>>

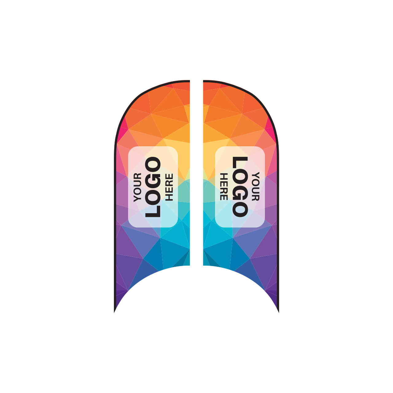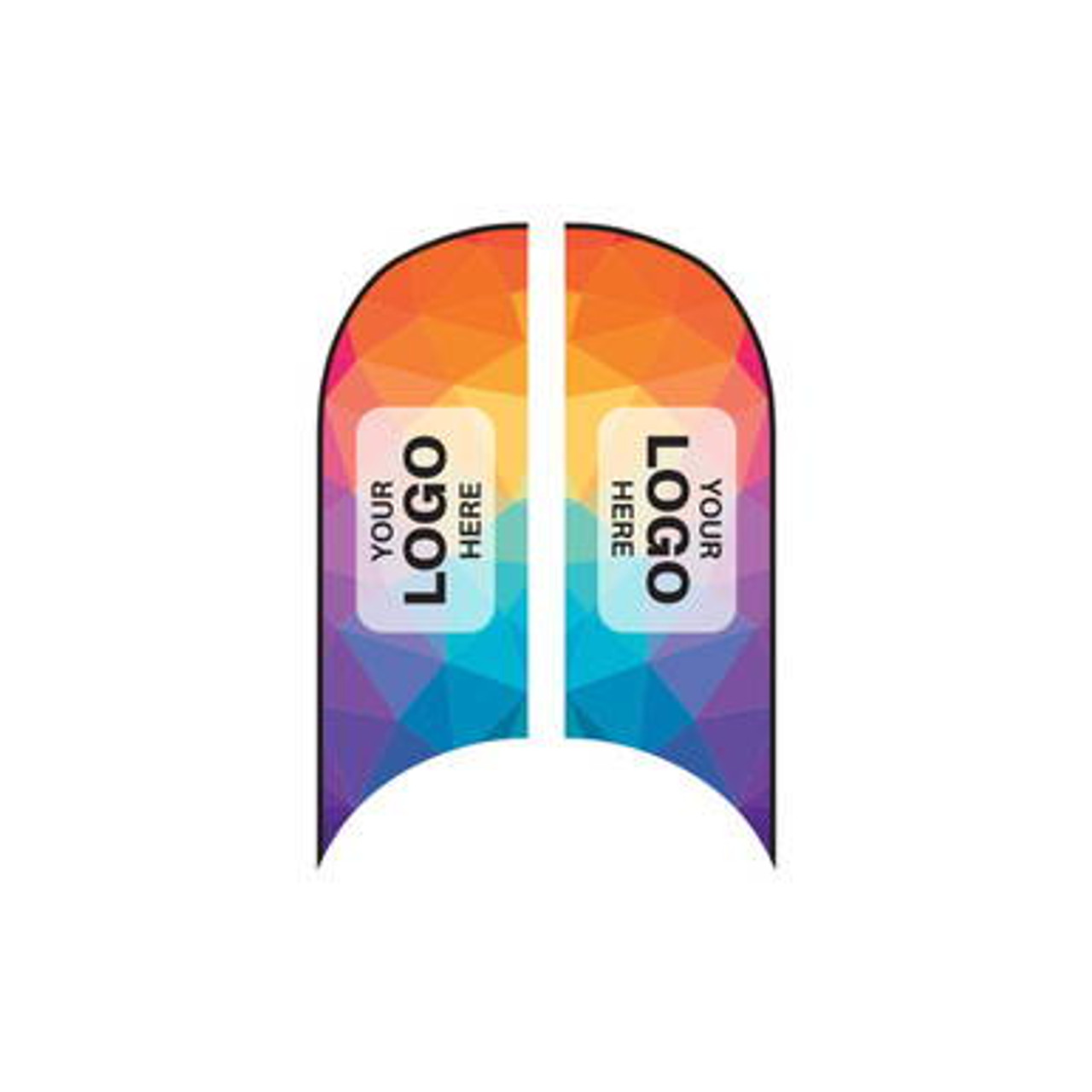 Our Double Sided Blade Flags are perfect for any occasion! These sturdy single sided flags are constructed with grommets and a black 500 Denier polyester edge. Each is made using our top of the line direct disperse printing process, allowing the high definition graphic to be sublimated with full penetration of color with no color limitations. Double sided printing is achieved by sewing block-out fabric between the two layers of printed polyester. Great for trade shows, conventions, point of purchase (POP), exhibitions, conferences, promotion events, shopping centers, retailers, and much more! Specifics include:
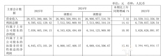 海天味业披露的财报数据显示,公司2025年营业收入为288.73亿元,同比增长7.32%,其中,调味品主营业务收入为273.99亿元,同比增长9.04%。同时,公司2025年归母净利润同比上涨10.95%至70.38亿元,营收和利润双双增长,且均达到历史最高水平。
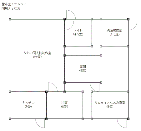 http://genzu.net/heimen/理想の部屋割りを導き出してくれる 建築平面図ジェネレータ直ちゃんの同人誌(恐らく手塚)+蔵書室の存在感。玄関の位置がそもそもおかしいですし、トイレに至っては何故か二箇所入る場所があります。洗面脱衣室は浴室から遠く離れた上に庭に向かって開き、当の浴室は直ちゃんの個人部屋からしか入れません。サムライ×なおという表記。わかってらっしゃいます。でも入る場所は外から直接です。恐らくいい雰囲気になる度に某お父さんや某妹や某友人達の邪魔が入るんですね分かります。まず一緒に寝るメンバーがおかしい。サムライとロン:おとんと末っ子。なおとヨンイル:おかんと(マザコン気味な)次男。この時点でまずおかしいんですが(おとんと次男が)レ イ ジ・・・!十中八九ロン「毎日毎日レイジが襲ってきて嫌なんだけど」直「僕と同じ寝室にするか?」ヨン「やめとけて。おかん力弱いし、サムライとロンを同じ部屋にしたらええんちゃう」ロン「寝室が6畳のしかないよな。14畳のあそこを使えればすごく助かるけど」ヨン「あそこは俺も使うし勘弁してや」帰って来た原作18歳組レイジ「!?」サムライ(不憫)「!!!?」閉鎖空間がいくつかあるので、おそらく線の薄いところはついたてかなにか。あと、ヨンイルのシャワー室どうした。浴室の2倍どうした。シャワー浴びてると龍が踊り狂うんでしょうか。それとも漫画の拳法の練習場と化すのでしょうか。しかもレイジの寝室の隣。おかしい。あと何気におかしいのがレイジとロンの生々しい部屋。どうした。本気でどうした。この後かぎやざきめぐみ、やすだを増やしたのですが何回やっても部屋割りがヨン&なお と サムライ&ロンになります。仕組まれているんだ・・・ !というか9章思い出すだろ!やめて!!7章でもサムライとロン相部屋っぽくなりましたがそれより9章の不憫コンビのあの重い空気が思い浮かびます・・!サムライをみつぐにした結果:みっちゃんぼっち。隣の会議室は恐らく自分会議用(煩悶部屋とも言う)。そしてレイジ僻地。ヨンイルは恐らく恵ちゃん部屋との間のドアを直ちゃんに封鎖されていそう。やすだ・めぐみが直ちゃんの共同部屋の隣な辺り愛を感じます。そしてやすださんは何を格納するのか。銃かジープかそれともアルバムか。食い込んできましたやすださん。直「何故安田がここに居る」サムライ「・・・・・・・・・・・・何故だ」安田「気にする必要はない」((無理を言うな))レイジ「強●魔が傍に居るんじゃ俺が四六時中見張ってなくちゃな!」ロン「お前が一番手ェ出して来てんじゃねーか!!」ユエ「半々も大変みたいだな弟よ」マオ「そうだなあんちゃん」リュウホウ「」ガイさん「飯よこせ」リュウホウ「」サッリュウホウ「・・・・・・」ガタブルガイさん「うめぇ」飯をみついでいれば恐らく大丈夫な筈。リュウホウ+タオリャンで相部屋になったことがありましたが、それは大丈夫・・なのかなー・・・・レイジとロンの工作室って何・・・ビバ「リョウさんっスか、変な部屋名つけたの!!」リョウ「いいじゃん。ジョークだよジョーク。本当にしちゃう・・・?」ビバ「変なことしないでくださいよ!僕はロザンナの愛撫に忙しいんスから!!」リョウ「ぐぬぬ」リュウホウをやすださんとコンビにした結果:ガイさんとタオリャンの寝室嫌な予感しかしないんですけどこれ。毎日死闘ですよね。確実にどっちか(主にガイさん)医務室送りですよね。ユエとマオのメインアリーナが恐らくガイさんの休憩所になりそうです。でも隣。怖い。ヨン「入れたってーや」直「・・・仕方がないな」サム「ぐぬぬ」ヨンを入れることで起きた新風:・タオさんの変な部屋が出来る。・ダイニングができる。tukkomikirenaio.........................rz
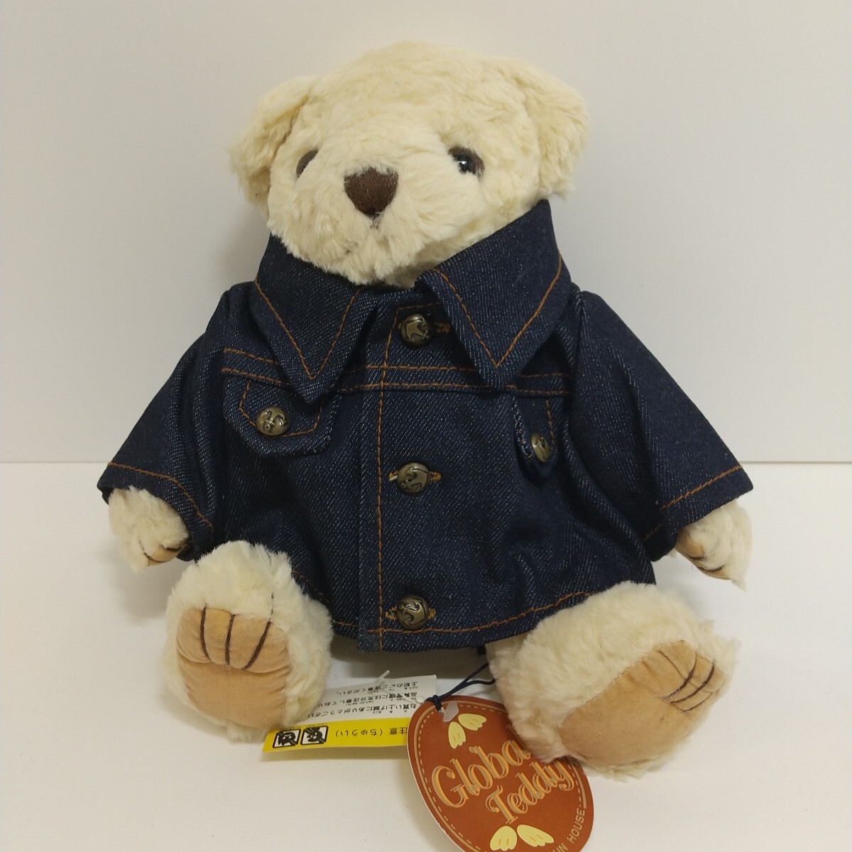 > 101 中古 テディベア デニムジャケット着用 Global Teddy グローバルテディ HIROKUN HOUSE ヒロクンハウス ぬいぐるみ 紙タグ付
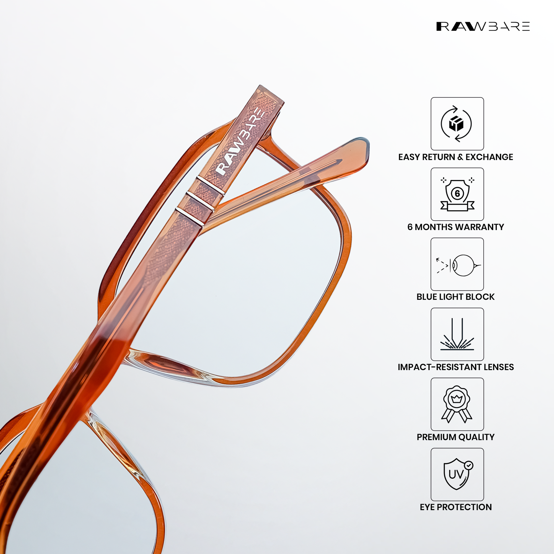 At Rawbare, every pair is crafted with precision and care to meet the highest standards. Our 6-month warranty reflects our commitment to quality and your trust in us. While we stand firmly behind our products, we believe true assurance comes from experiencing eyewear that is built to last. Thank you for choosing Rawbare—where style meets reliability.
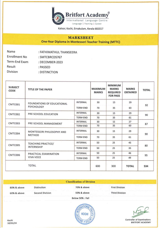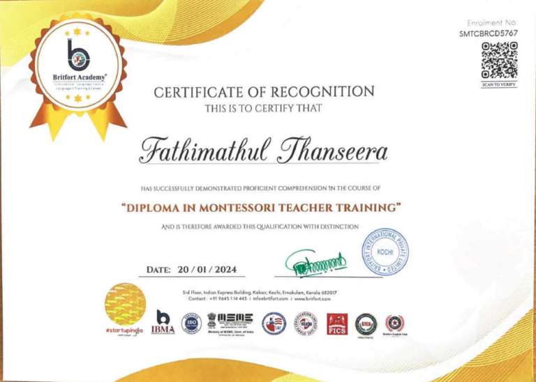 Verified ✅Issued by: Britfort AcademyIssued on: 20/01/2024Issued to: Fathimathul ThanseeraRegister number: SMTCBRCD5767
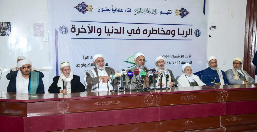 نظمّت رابطة علماء اليمن اليوم الأحد ، لقاءاً للعلماء برئاسة مفتي الديار اليمنية – رئيس الرابطة العلامة شمس الدين شرف الدين حول “الرباء ومخاطره في الدنيا والآخرة”.
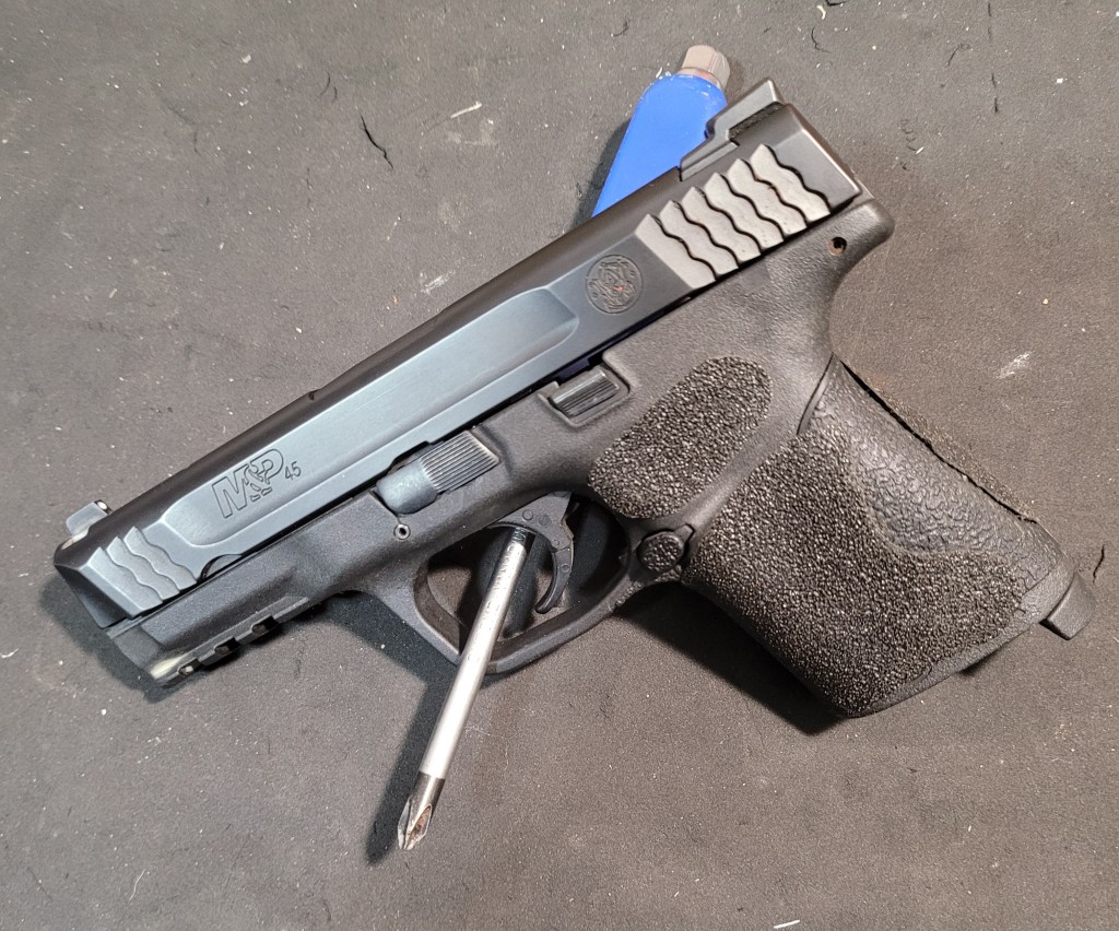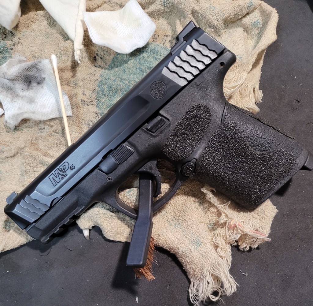 Both are eight round magazines – it will be interesting to see how they shoot next to each other – 1911 has a longer sight radius and a much better trigger and 10oz more weight to soak up recoil – the S&W M&P line have decent ( for a striker fired pistol ) triggers and unlike the Shield side of the house, they don’t have that “damn this grip is narrow” feeling. I will have to look around and see if the grip strap set is available as a separate item(s).

<<

● TASK DETAILS
Since the copy must exclude the pictures, transcribe only the text of the records, word for word.

● SOLUTION TO THIS TASK
 Our Double Sided Blade Flags are perfect for any occasion! These sturdy single sided flags are constructed with grommets and a black 500 Denier polyester edge. Each is made using our top of the line direct disperse printing process, allowing the high definition graphic to be sublimated with full penetration of color with no color limitations. Double sided printing is achieved by sewing block-out fabric between the two layers of printed polyester. Great for trade shows, conventions, point of purchase (POP), exhibitions, conferences, promotion events, shopping centers, retailers, and much more! Specifics include:
 海天味业披露的财报数据显示,公司2025年营业收入为288.73亿元,同比增长7.32%,其中,调味品主营业务收入为273.99亿元,同比增长9.04%。同时,公司2025年归母净利润同比上涨10.95%至70.38亿元,营收和利润双双增长,且均达到历史最高水平。
 http://genzu.net/heimen/理想の部屋割りを導き出してくれる 建築平面図ジェネレータ直ちゃんの同人誌(恐らく手塚)+蔵書室の存在感。玄関の位置がそもそもおかしいですし、トイレに至っては何故か二箇所入る場所があります。洗面脱衣室は浴室から遠く離れた上に庭に向かって開き、当の浴室は直ちゃんの個人部屋からしか入れません。サムライ×なおという表記。わかってらっしゃいます。でも入る場所は外から直接です。恐らくいい雰囲気になる度に某お父さんや某妹や某友人達の邪魔が入るんですね分かります。まず一緒に寝るメンバーがおかしい。サムライとロン:おとんと末っ子。なおとヨンイル:おかんと(マザコン気味な)次男。この時点でまずおかしいんですが(おとんと次男が)レ イ ジ・・・!十中八九ロン「毎日毎日レイジが襲ってきて嫌なんだけど」直「僕と同じ寝室にするか?」ヨン「やめとけて。おかん力弱いし、サムライとロンを同じ部屋にしたらええんちゃう」ロン「寝室が6畳のしかないよな。14畳のあそこを使えればすごく助かるけど」ヨン「あそこは俺も使うし勘弁してや」帰って来た原作18歳組レイジ「!?」サムライ(不憫)「!!!?」閉鎖空間がいくつかあるので、おそらく線の薄いところはついたてかなにか。あと、ヨンイルのシャワー室どうした。浴室の2倍どうした。シャワー浴びてると龍が踊り狂うんでしょうか。それとも漫画の拳法の練習場と化すのでしょうか。しかもレイジの寝室の隣。おかしい。あと何気におかしいのがレイジとロンの生々しい部屋。どうした。本気でどうした。この後かぎやざきめぐみ、やすだを増やしたのですが何回やっても部屋割りがヨン&なお と サムライ&ロンになります。仕組まれているんだ・・・ !というか9章思い出すだろ!やめて!!7章でもサムライとロン相部屋っぽくなりましたがそれより9章の不憫コンビのあの重い空気が思い浮かびます・・!サムライをみつぐにした結果:みっちゃんぼっち。隣の会議室は恐らく自分会議用(煩悶部屋とも言う)。そしてレイジ僻地。ヨンイルは恐らく恵ちゃん部屋との間のドアを直ちゃんに封鎖されていそう。やすだ・めぐみが直ちゃんの共同部屋の隣な辺り愛を感じます。そしてやすださんは何を格納するのか。銃かジープかそれともアルバムか。食い込んできましたやすださん。直「何故安田がここに居る」サムライ「・・・・・・・・・・・・何故だ」安田「気にする必要はない」((無理を言うな))レイジ「強●魔が傍に居るんじゃ俺が四六時中見張ってなくちゃな!」ロン「お前が一番手ェ出して来てんじゃねーか!!」ユエ「半々も大変みたいだな弟よ」マオ「そうだなあんちゃん」リュウホウ「」ガイさん「飯よこせ」リュウホウ「」サッリュウホウ「・・・・・・」ガタブルガイさん「うめぇ」飯をみついでいれば恐らく大丈夫な筈。リュウホウ+タオリャンで相部屋になったことがありましたが、それは大丈夫・・なのかなー・・・・レイジとロンの工作室って何・・・ビバ「リョウさんっスか、変な部屋名つけたの!!」リョウ「いいじゃん。ジョークだよジョーク。本当にしちゃう・・・?」ビバ「変なことしないでくださいよ!僕はロザンナの愛撫に忙しいんスから!!」リョウ「ぐぬぬ」リュウホウをやすださんとコンビにした結果:ガイさんとタオリャンの寝室嫌な予感しかしないんですけどこれ。毎日死闘ですよね。確実にどっちか(主にガイさん)医務室送りですよね。ユエとマオのメインアリーナが恐らくガイさんの休憩所になりそうです。でも隣。怖い。ヨン「入れたってーや」直「・・・仕方がないな」サム「ぐぬぬ」ヨンを入れることで起きた新風:・タオさんの変な部屋が出来る。・ダイニングができる。tukkomikirenaio.........................rz
 > 101 中古 テディベア デニムジャケット着用 Global Teddy グローバルテディ HIROKUN HOUSE ヒロクンハウス ぬいぐるみ 紙タグ付
 At Rawbare, every pair is crafted with precision and care to meet the highest standards. Our 6-month warranty reflects our commitment to quality and your trust in us. While we stand firmly behind our products, we believe true assurance comes from experiencing eyewear that is built to last. Thank you for choosing Rawbare—where style meets reliability.
 Verified ✅Issued by: Britfort AcademyIssued on: 20/01/2024Issued to: Fathimathul ThanseeraRegister number: SMTCBRCD5767
 نظمّت رابطة علماء اليمن اليوم الأحد ، لقاءاً للعلماء برئاسة مفتي الديار اليمنية – رئيس الرابطة العلامة شمس الدين شرف الدين حول “الرباء ومخاطره في الدنيا والآخرة”.
 Both are eight round magazines – it will be interesting to see how they shoot next to each other – 1911 has a longer sight radius and a much better trigger and 10oz more weight to soak up recoil – the S&W M&P line have decent ( for a striker fired pistol ) triggers and unlike the Shield side of the house, they don’t have that “damn this grip is narrow” feeling. I will have to look around and see if the grip strap set is available as a separate item(s).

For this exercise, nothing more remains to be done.